Dave Courbanou

July 21, 2011

3 Min Read
Apple Kills Optical Media, White Macbooks in Latest Refresh

It’s here, as promised: Mac OS X Lion has hit the Mac App Store, and for $30 it can be yours. What other goodies has Apple offered up along with the new OS? On the hardware side, we get a host of new Mac Minis, new MacBook Airs and an interesting subtraction from Apple’s lineup. Does Apple have optical media in its crosshairs? All this and more, if you read on …

Macbook Airs are now a whole lot beefier at the same price points, and they now include the long-awaited backlit keyboard. Both the 11-inch and the 13-inch can be outfitted with either a Core i5 at 1.6GHz or 1.7GHz, or a Core i7 at 1.8 GHz. Plus, they now support the Thunderbolt I/O technology. Same battery life, same screen resolution, same exact aluminum enclosure, all just a little better than they were before. Color me jealous: I’ve had my first-generation 11-inch MacBook Air since December 2010 — less than a year and Apple has outdone itself.

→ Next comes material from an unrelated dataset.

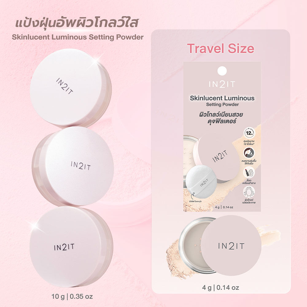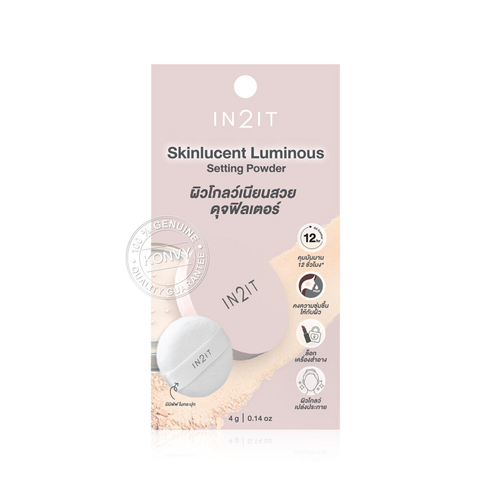In2It Skinlucent Luminous Setting Powder 4g #SLSP01 Moonlit Beige แป้งฝุ่นผสมชิมเมอร์เนื้อเนียนละเอียดเป็นพิเศษ ให้ผิวเปล่งประกาย ปกปิดบางเบา ผ่องใส อุดมไปด้วย Sea water ที่ช่วยคืนความสดชื่นให้ผิว ควบคุมความมันส่วนเกินอย่างเป็นธรรมชาติ ให้ผิวเรียบเนียน เบลอรูขุมขน มีเทคโนโลยี Pro-long Fixed function Technology คงความติดทนนาน ผสานสารสกัดจากธรรมชาติที่ช่วยบำรุงผิวอย่างอ่อนโยน ช่วยปกป้องผิวจากมลภาวะ
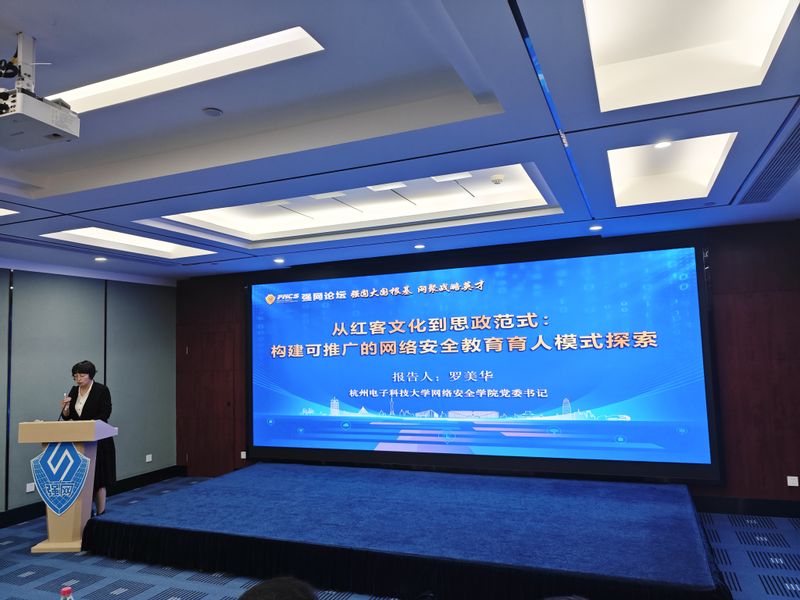在分论坛上,网络空间安全学院党委书记罗美华以《从红客文化到思政范式:构建可推广的网络安全教育育人模式探索》为题,向国内同行系统阐述了学院的育人理念与实践路径。报告指出,面对传统网络安全教育中“重技术、轻素养”与思政教育“重理论、轻实践”的现实困境,学院独辟蹊径,深度挖掘并系统提炼了以“红”的底色、“客”的担当、“守”的准则、“创”的智慧为核心的“红客文化”,将其视为实现技术与思政深度融合的“宝贵富矿”与“理想载体”。

Those under-the-hood upgrades also made it into the new Mac Mini, starting with 2.3GHz Core i5 CPUs, but absent of any optical drives. The old Mac Mini had two options: a DVD burner slot for the regular Mac Mini, or an extra disk drive for the server version. The new Mac Mini, much like the Mac Mini Server before it, is now just a 1.4 inch-high brick of aluminum with a bunch of ports in the back (yes, including Thunderbolt). The new Mac Mini server sports the same tiny enclosure but features a 2GHz Core i7 quad-core CPU.

Apple is making the very same death-of-optical statement with its laptops, because now, the MacBook Pro line is the only line of MacBooks that support optical media. And what happened to the white polycarbonate MacBook? It’s dead — unless you’re an educational institution. It’s likely Apple saw such great sales of the new MacBook Airs that it dropped the white MacBook altogether. The base MacBook Pro is only $1,199, a small step up from the old white MacBook. It’s likely users will find what they need in a $999 MacBook Air. Apple is even branding the Air as the “ultimate everyday notebook.”

With Lion being distributed exclusively through the Mac App Store, Apple is taking the same stance with optical it took with floppy disks just over a decade ago. Apple now also plans to sell a USB stick  loaded with Lion or $69, or users can bring their Mac to an Apple store and Apple will help them install Lion. Savvy users can extract the Lion install image after they’ve downloaded it and copy it to a USB stick or DVD themselves. But Apple is making a very firm statement here: It’s dragging everyone into the 21st century whether they like it or not. It’s about connected devices, not static media.

Mac OS X Lion, new MacBook Airs and new Mac Minis — they’re all in a small way showing what Apple has planned for the future of its product lineup. So, could we see super-thin iMacs with no optical drives soon? I think it’s only a matter of time.